→ EXERCISE DIRECTIONS: Exactly the lines from the beginning of the records below through the line with "El banco abdominal" must be given again, without pictures.

____ DATA SHOWN

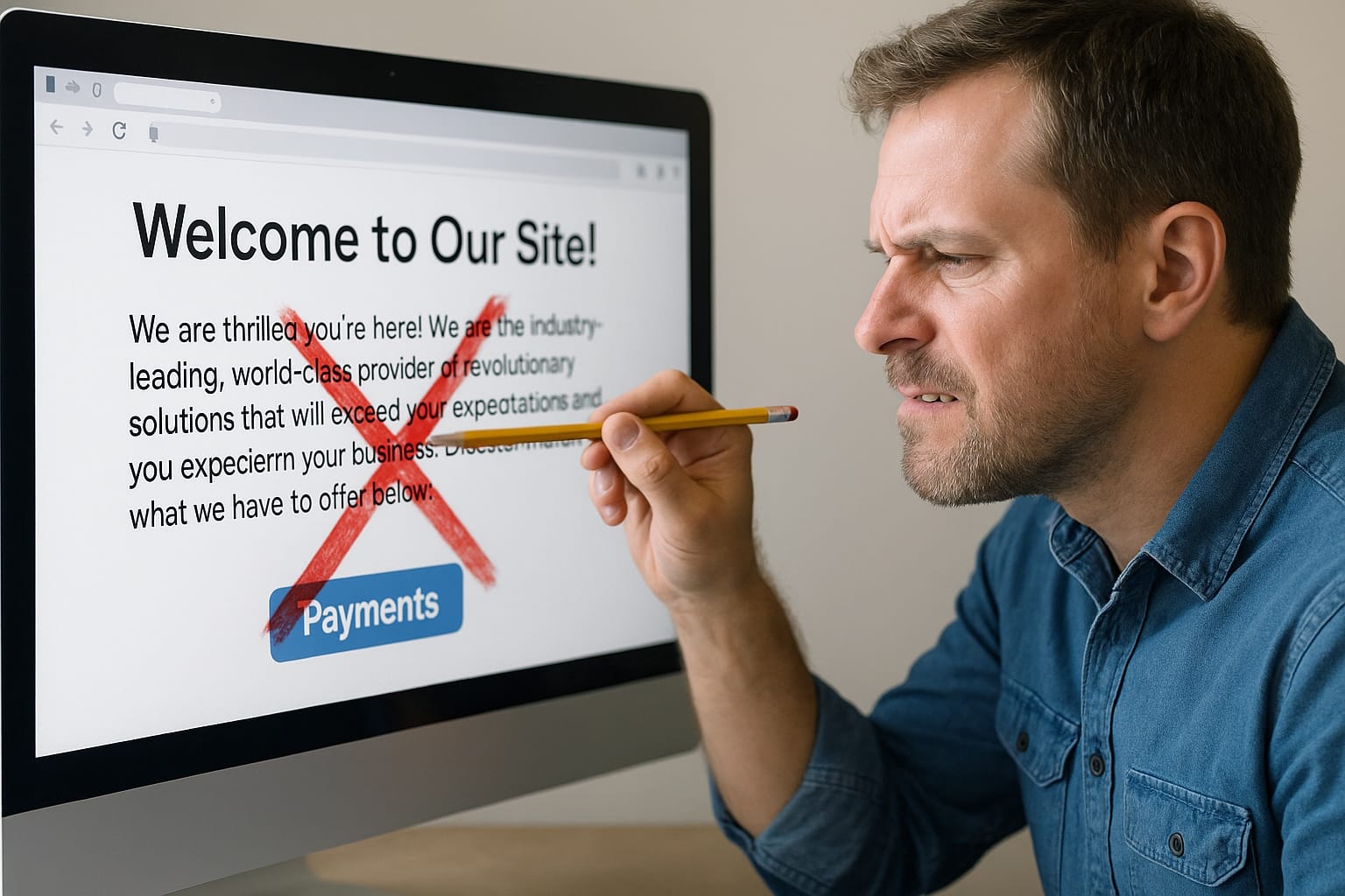 We all know happy talk when we see it: it's the introductory text that's supposed to welcome us to the site and tell us how great it is, or to tell us what we're about to see in the section we just entered.
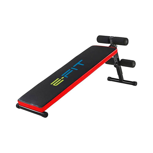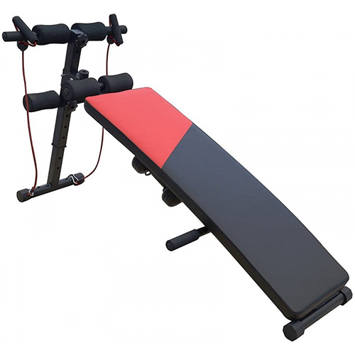 El banco abdominal cuenta con un marco de acero y un asiento de vinil cosido en color negro y rojo. Ideal para ejercicios con mancuernas y levantamiento de pesas. Adicional a eso, incluye dos mancuernas de 1.5 kilogramos y dos ligas que forman parte de la banca para añadir variedad de ejercicios y calentamiento en tus entrenamientos. Cuenta con un bloque de pierna de 6 rodillos.
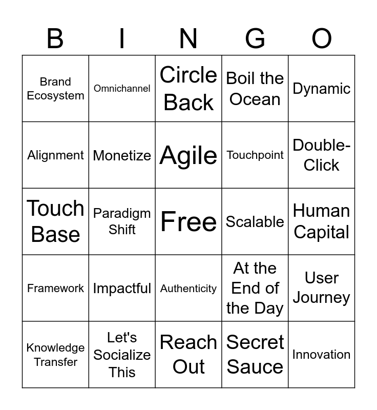 This bingo card has a free space and 99 words: Synergy, Leverage, Actionable Insights, Circle Back, Deep Dive, Unpack That, Bandwidth, Low-Hanging Fruit, Ideation, Pivot, Thought Leadership, Growth Hacking, Snackable Content, Authenticity, Scale, Brand Ecosystem, Omnichannel, Hyper-Personalization, Best Practices, Move the Needle, Future-Proofing, Holistic Approach, Democratization, Content is King, Stakeholder Alignment, User Journey, Agile, Brand Purpose, Creator Economy, Gamification, Reach Out, Secret Sauce, Learnings, Data-Driven, Paradigm Shift, Touch Base, Take This Offline, Core Competency, Drill Down, Impactful, On My Radar, Double-Click, Boil the Ocean, Let's Socialize This, Value-Add, Mission-Critical, Right-Sizing, Optimize, Empower, Seamless Integration, Disruptive, Innovation, At the End of the Day, Get Our Ducks in a Row, Ping Me, Low-Hanging Fruit, Let's Put a Pin in That, Run It Up the Flagpole, Think Outside the Box, Blue-Sky Thinking, Give 110%, Table That, It Is What It Is, Full-Service Solution, Robust, Dynamic, Game-Changer, Cutting-Edge, Next-Gen, Framework, Ecosystem, Touchpoint, Alignment, Granular, Mindshare, Bleeding-Edge, Monetize, Operationalize, Core Values, Quick Win, Scalable, Customer-Centric, Circle the Wagons, Let's Take a Step Back, New Normal, Open the Kimono, Peel Back the Onion, Strategic Imperative, Human Capital, Knowledge Transfer, Run the Numbers, Let's Connect, Streamline, Vertical, Band-Aid Solution, Paradigm, Big Picture, Drill Down and Get Granular.
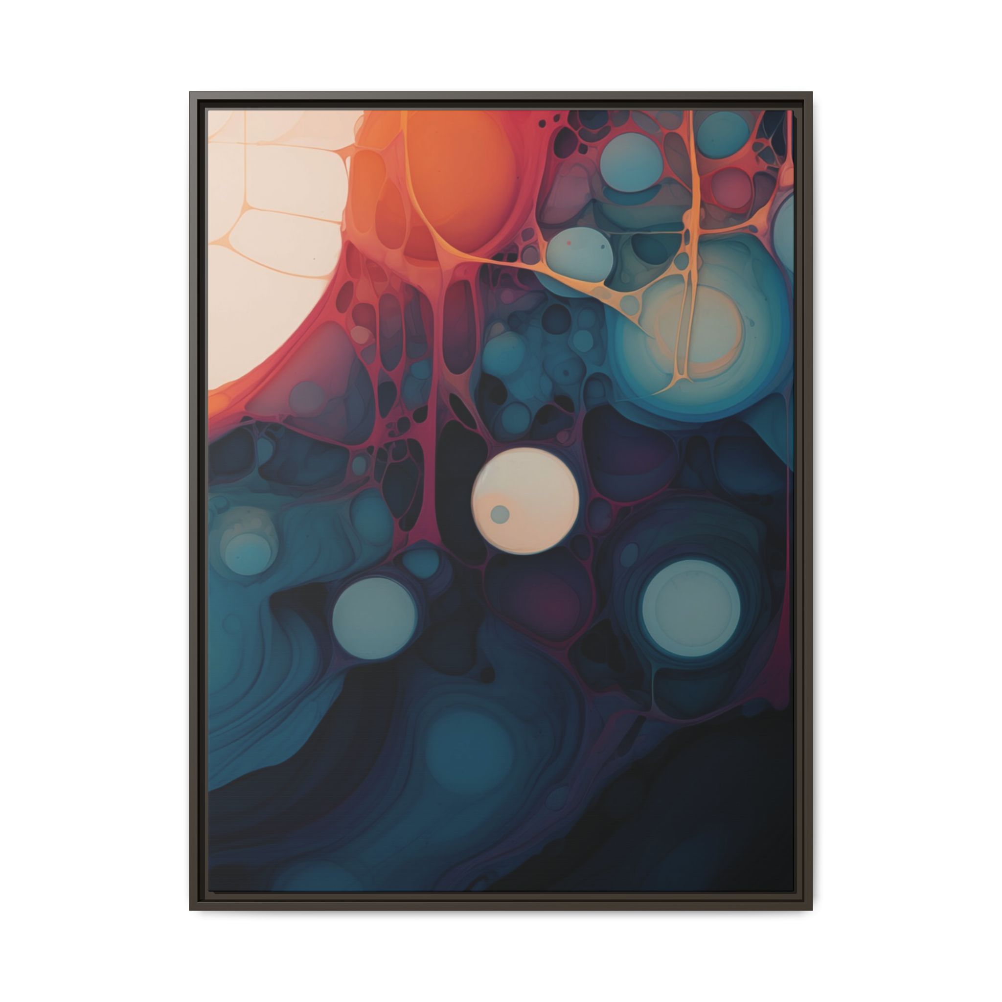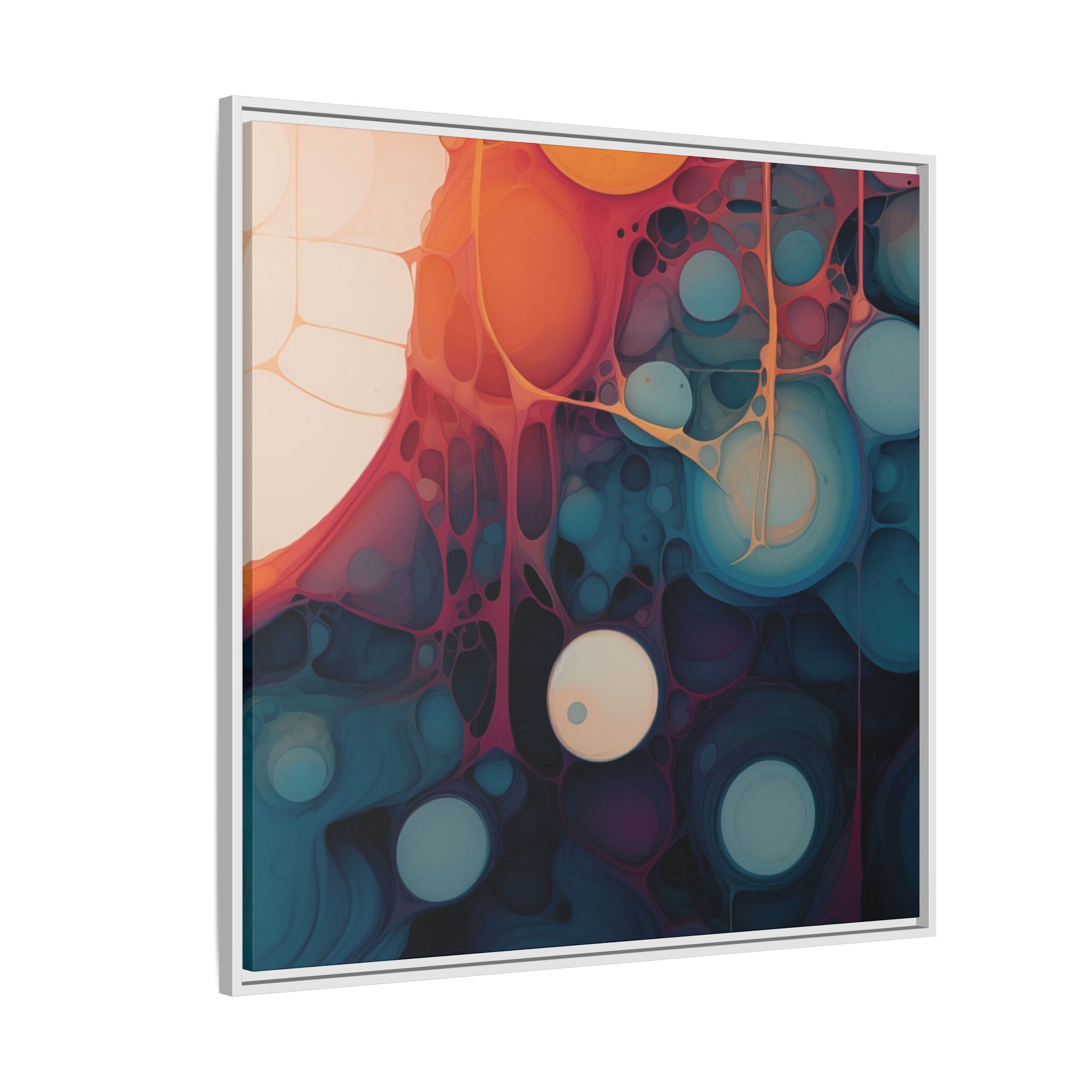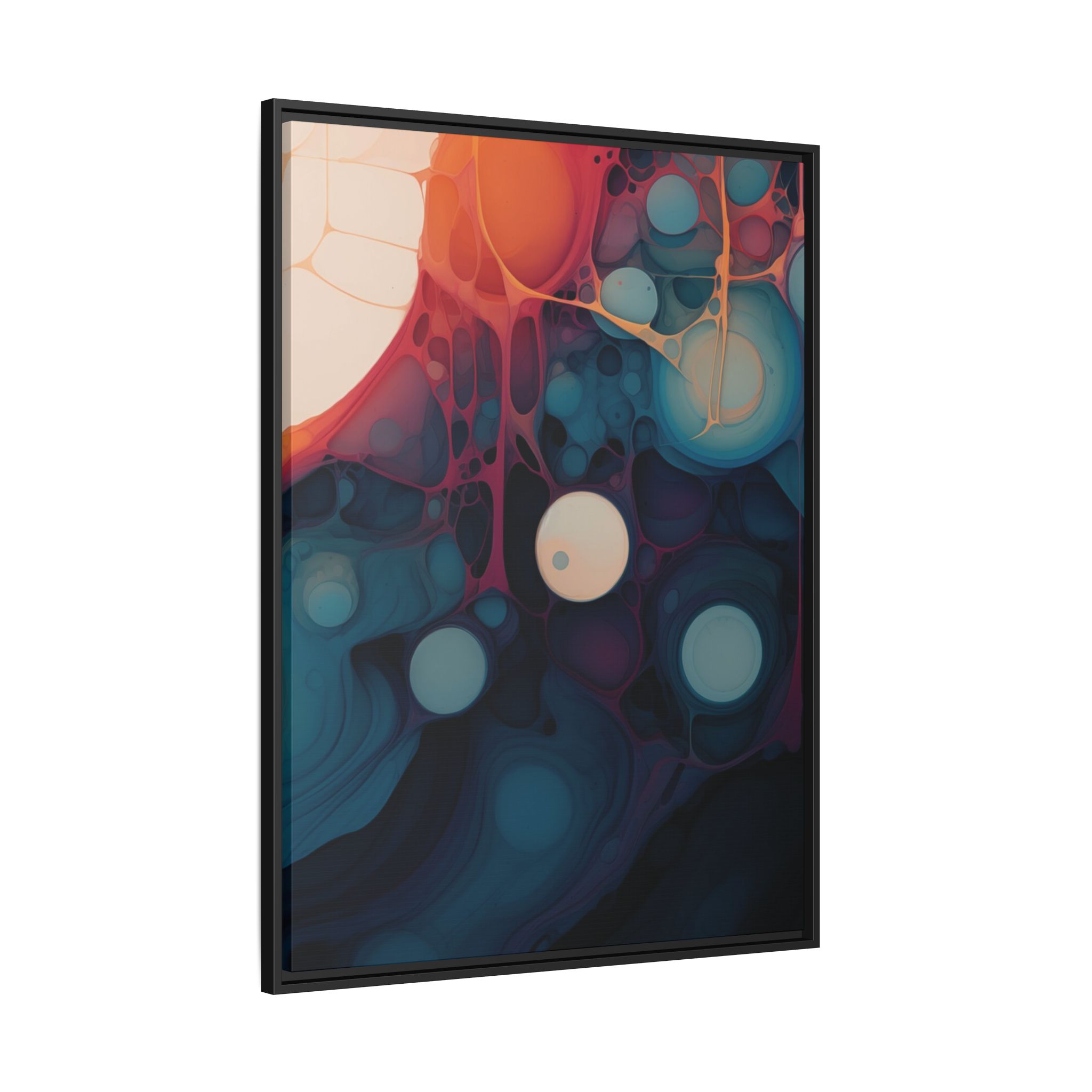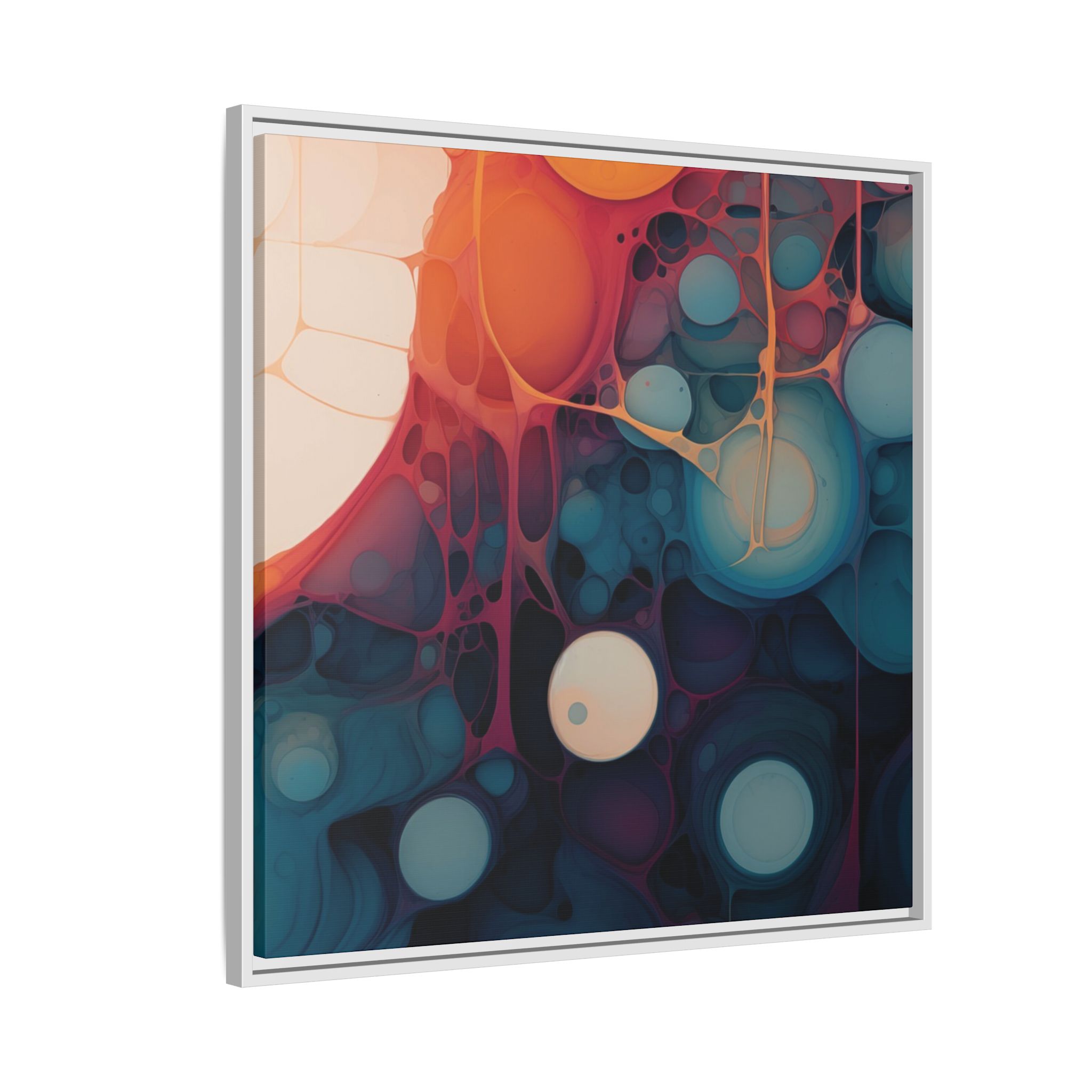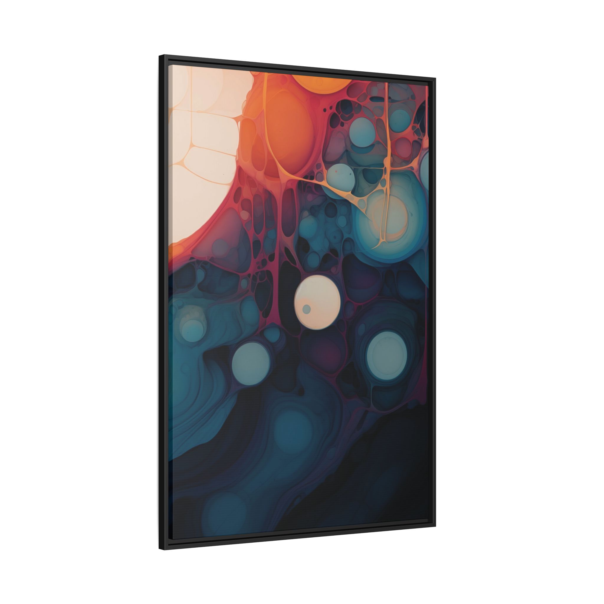 This canvas print features an abstract painting of an orange, blue, and teal gradient with large bubbles on a white background, giving off a modern and artistic vibe. Perfect for art enthusiasts or individuals looking to add a pop of color to their space, this canvas print is ideal for home decor, gifting, or special occasions like birthdays or housewarmings.
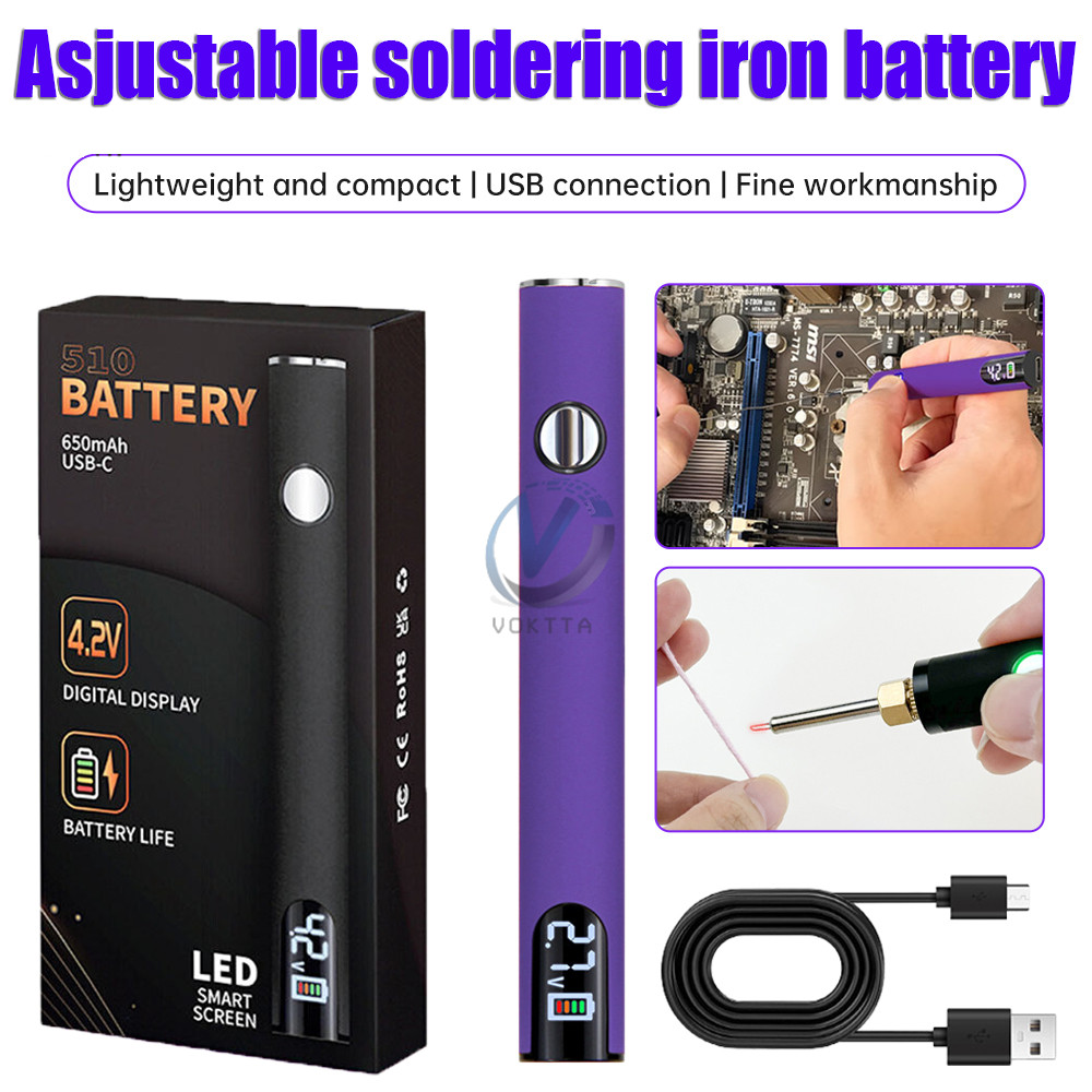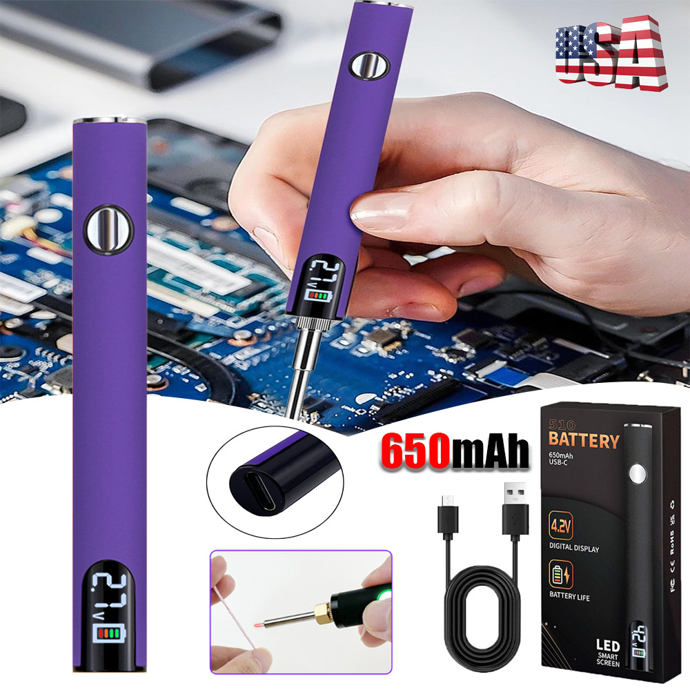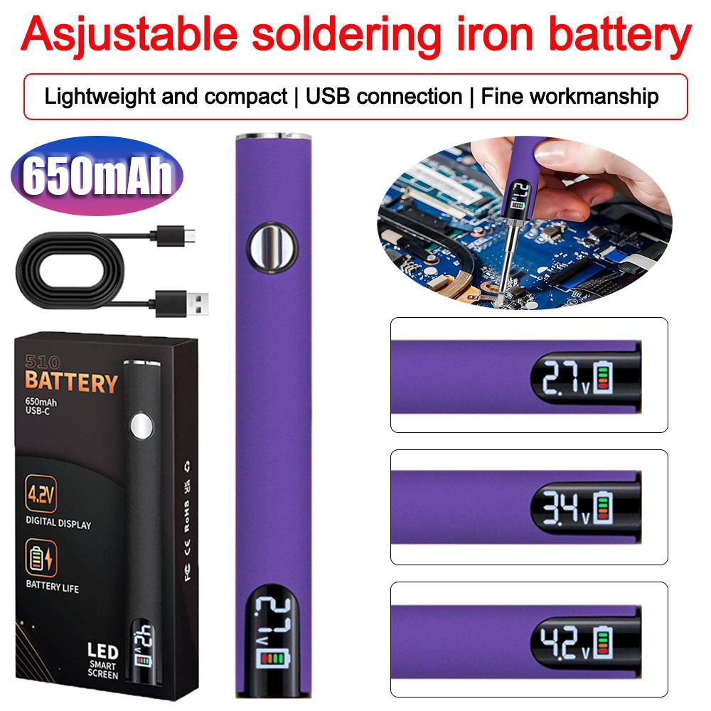 Features: Precision Control: Get perfect results with this Soldering Iron Kit that weighs only 33 grams. Its pen-shaped design makes it easy and convenient to handle, carry, and use for both home projects and professional repair work, providing precision control and portable efficiency Efficient Heating: Achieve your desired temperatures quickly and easily with the 2.7V, 3.7V, and 4.2V efficient heating capabilities of this soldering iron kit. Equipped with a powerful 650mAh battery and three-speed adjustable voltage function, adjust the temperature to fit your various soldering needs with ease Upgrade Your Game: With an LED display, intelligent temperature control system and real-time monitoring of battery life and performance, our Soldering Iron Kit ensures the right temperature for precise workmanship Versatile Connector: Ensure accurate and efficient electronic component welding or handicraft production with our Soldering Iron Kit. It boasts compatibility with a range of 510 threaded accessories and features a multifunctional 510 connector, providing enhanced precision and versatility for all your welding and wire burning needs Easy and Easy Charging: Upgrade your soldering game with our Soldering Iron Kit's USB-C port charging feature. The easy and convenient charging ensures uninterrupted power outdoors, so you can tackle all your tasks with efficiency This soldering kit for electronics features effortless handling for home projects or professional repair work. It features efficient heating with intelligent temperature control, USB charging, and a multifunctional 510 connector. Specifications: Welding nozzle and grounding voltage: 2.7-4.2V Power supply mode: USB Battery capacity: 650mAh Joint set: pointed end, heads, horseshoe, wire burning head (four types of joints) Packing List: - Option1: Color:purple 1x Electric soldering iron only 1x Charging cable x1"

________

→ THE COMPLETED TASK:
 We all know happy talk when we see it: it's the introductory text that's supposed to welcome us to the site and tell us how great it is, or to tell us what we're about to see in the section we just entered.
 El banco abdominal cuenta con un marco de acero y un asiento de vinil cosido en color negro y rojo. Ideal para ejercicios con mancuernas y levantamiento de pesas. Adicional a eso, incluye dos mancuernas de 1.5 kilogramos y dos ligas que forman parte de la banca para añadir variedad de ejercicios y calentamiento en tus entrenamientos. Cuenta con un bloque de pierna de 6 rodillos.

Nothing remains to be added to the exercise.